Column – Doe zelf eens normaal
Het is alweer 10 jaar geleden dat Wilders en Rutte de toonzetting in de Tweede Kamer naar een ander niveau brachten door elkaar toe te roepen nou eens normaal te doen. Opvallend, omdat de oproep om normaal te doen juist niet normaal was. In het verkeer of bij de opvoeding is zo’n kreet misschien wel alledaags en betrekkelijk onschuldig, maar hij paste niet bij de omgangsvormen in het parlement.
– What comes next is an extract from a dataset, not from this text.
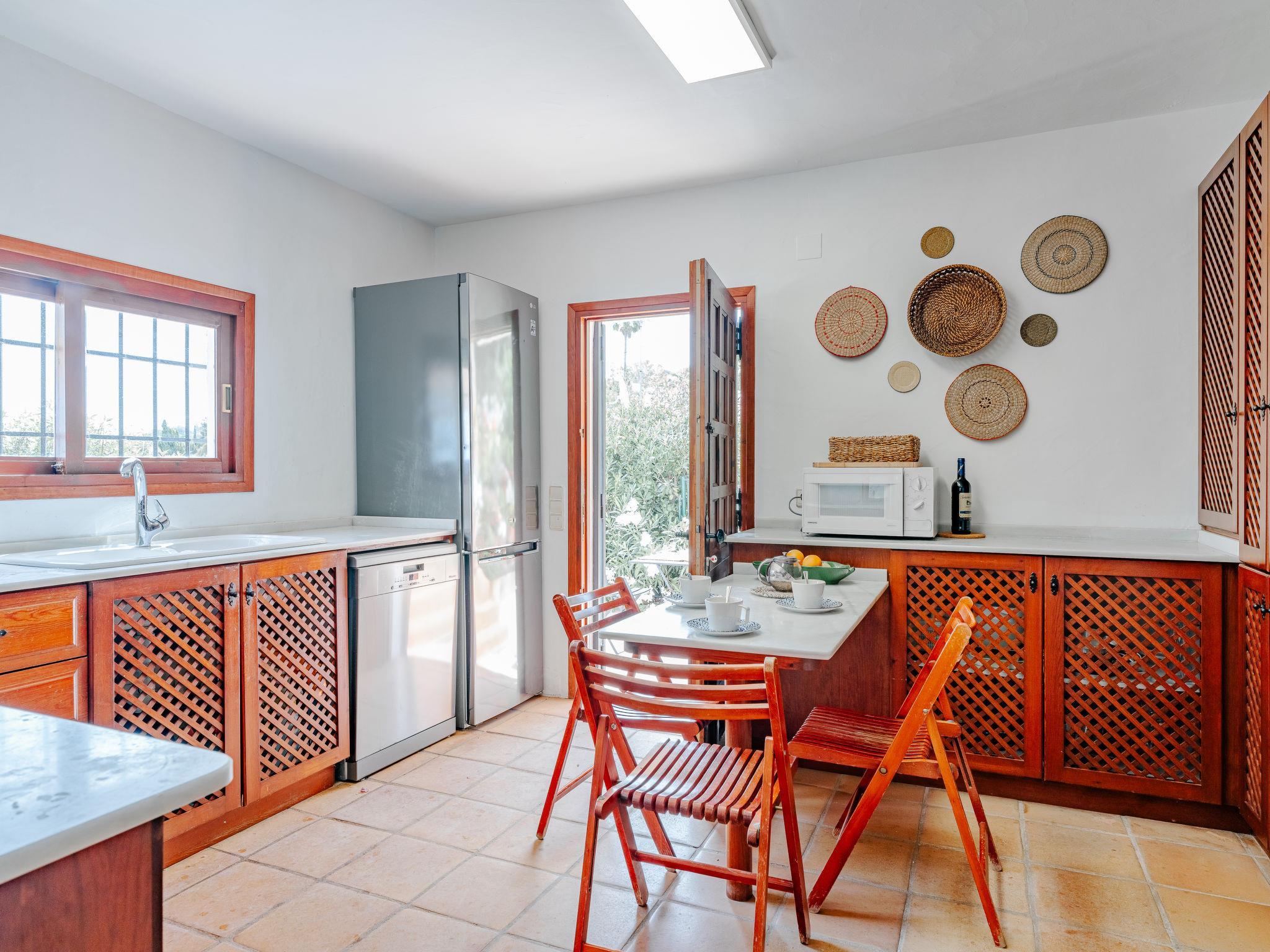 Large, beautiful house "Villa Pomelo Plus", 2 storeys. In the district of Tosalet, in a quiet, sunny position residential area (villas), 2.7 km from the sea, 2.7 km from the beach. Private: large, beautiful, well-kept terraced garden, swimming pool angular (8 x 4 m, depth 40 - 210 cm, seasonal availability: 01.Jan. - 31.Dec.) with internal staircase. Outdoor shower, pergola, garden furniture, barbecue. In the house: table tennis. Stepped path to the house. Parking on the premises. Supermarket 2.3 km, restaurant 2.3 km, café 2.3 km, bus stop 3 km, sandy beach "El Arenal" 3.4 km, rocky beach "Cala Blanca" 2.7 km. Sports harbour 4 km, surf school 3.4 km, tennis 3.5 km. The owner does not accept any youth groups.

Op de keukendeur bij mijn ouders hing vroeger de poster van de stichting Pandora, met daarop een soort zilverfolie. Als je erin keek zag je boven je hoofd de tekst ‘ooit ‘n normaal mens ontmoet?’, met daaronder: ‘en …, beviel ‘t?’ Voor mijn vader -die door psychische klachten thuis zat- sprak er een soort erkenning uit. Hoeveel liever had hij een been gebroken, zodat het voor iedereen zonder toelichting duidelijk was geweest dat hij geen brieven kon bezorgen. Hij schaamde zich zo voor ‘het niet normaal zijn’, dat er te veel flessen jenever doorheen gingen en dat er door het hele gezin richting de buitenwereld alleen maar over gezwegen mocht worden.